In an unprecedented decision, the High Court has imposed fines totalling more than £7.5 million on three financial traders who were involved in wholesale abuse of the stock market and the companies which stood behind them.
The traders, who operated offshore, were involved in a form of market manipulation known as ‘layering’, or ‘spoofing’, in which orders to trade were issued which gave a false or misleading impression as to the supply of, or demand for, or as to the price of, securities listed on the London Stock Exchange.

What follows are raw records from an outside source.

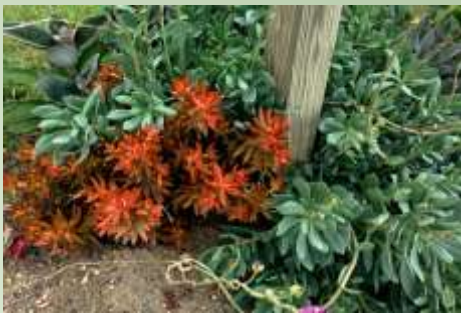
Sedum adolphii 'Firestorm'

Moving plants out for the summer can bring color to succulent foliage impossible to get when they are left indoors. When planted in the garden they also grow more quickly, oftentimes becoming specimen-quality in a short period of time. Plants left in pots also benefit from an outdoor summer vacation. I will leave my plants outside at least until the middle of October and some even later. The cool nights will help set flower buds on many of the plants. I find Jade plants left outside until mid October set bud much better than plants left in the greenhouse all summer (they benefit from the cool night temperatures). The cool nights of October will also help set buds on many of the cacti next spring.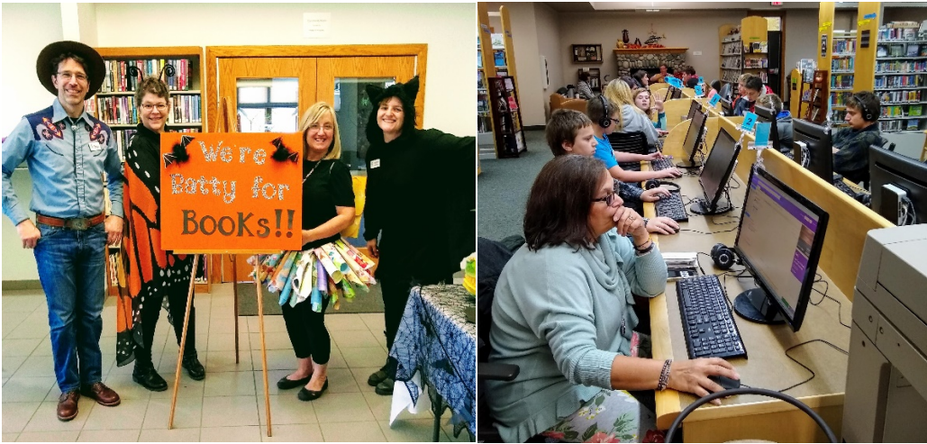
KBL staff in costume: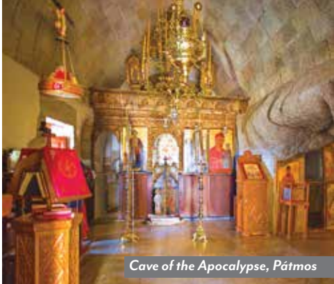
Cave of the Apocalypse, Pátmos

cliff-top acropolis or indulge in an afternoon at leisure in Rhodes. Enjoy a performance of traditional Greek music and dance this evening aboard the ship.

In the first case of its kind, the Financial Conduct Authority asked the High Court to impose financial penalties on the traders under the Financial Services and Markets Act 2000. Proceedings were also launched against the offshore corporate vehicle through which the traders operated (company A) and a company which provided them with the capital and infrastructure they needed (company B).

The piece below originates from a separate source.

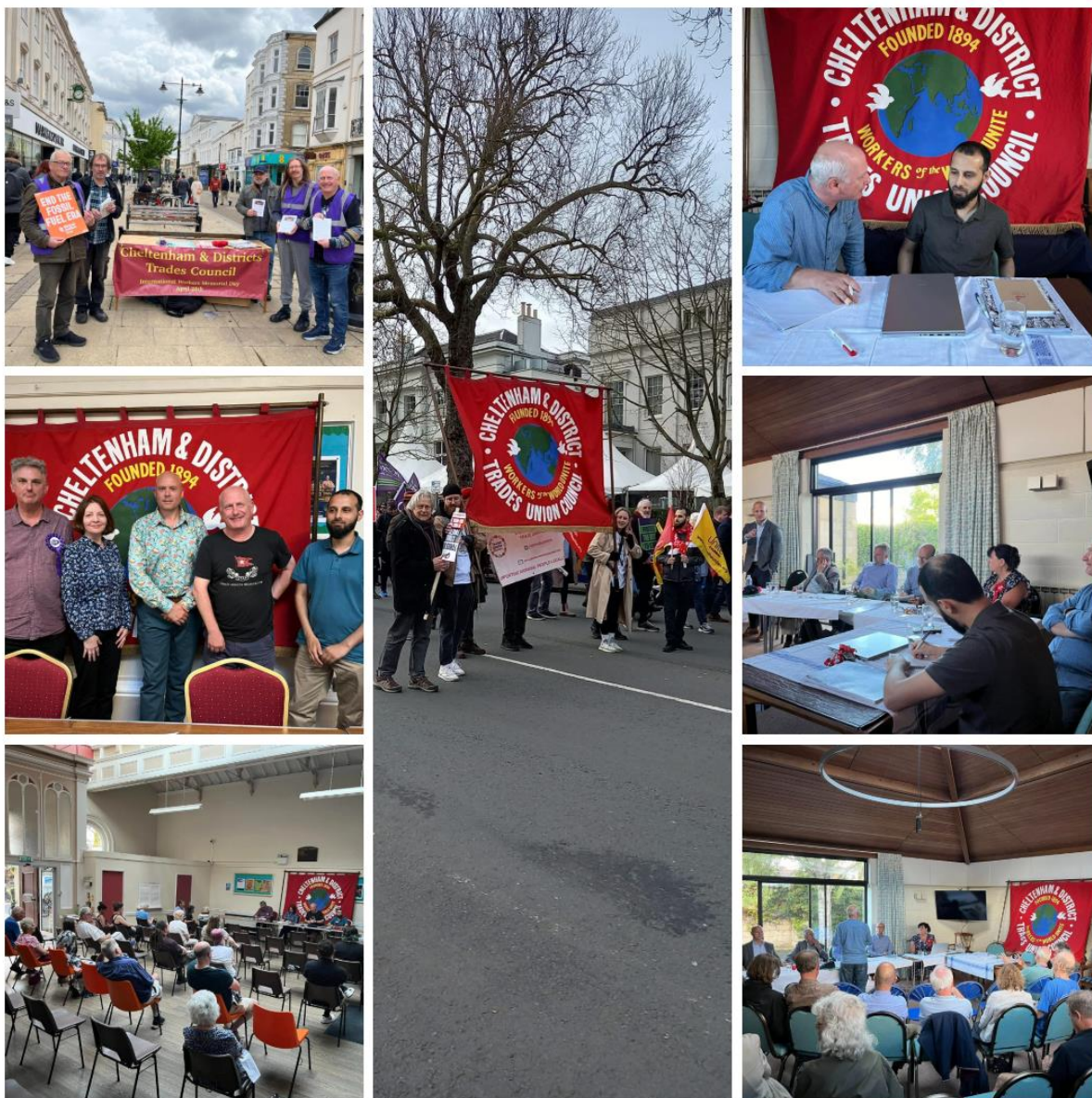
Cheltenham and District TUC's 2024 collage-nice one!

2024 started with 5,000 participating in the TUC demonstration against the Strikes (Minimum Service Levels) Act 2023 anti-union legislation, on Saturday 27th January in Cheltenham from 12 noon in Montpellier Gardens marching through the town centre to Pittville Park.

There was overwhelming evidence that the traders had engaged in illegal market manipulation and the Court found that the experienced trio were fully aware that what they were doing was wholly improper. Company A, as their creature, was in the same position as them. Although company B had not directed the market abuse, it was driven by the desire for profit and had turned a blind eye.
The Court imposed penalties totalling £1.11 million on the traders. Company A received a £5 million bill and company B was ordered to pay £1.46 million. Those figures were designed to be deterrent and far exceeded profits garnered from the market abuse. The Court also issued an injunction against all four defendants, forbidding them from engaging in further unlawful trading.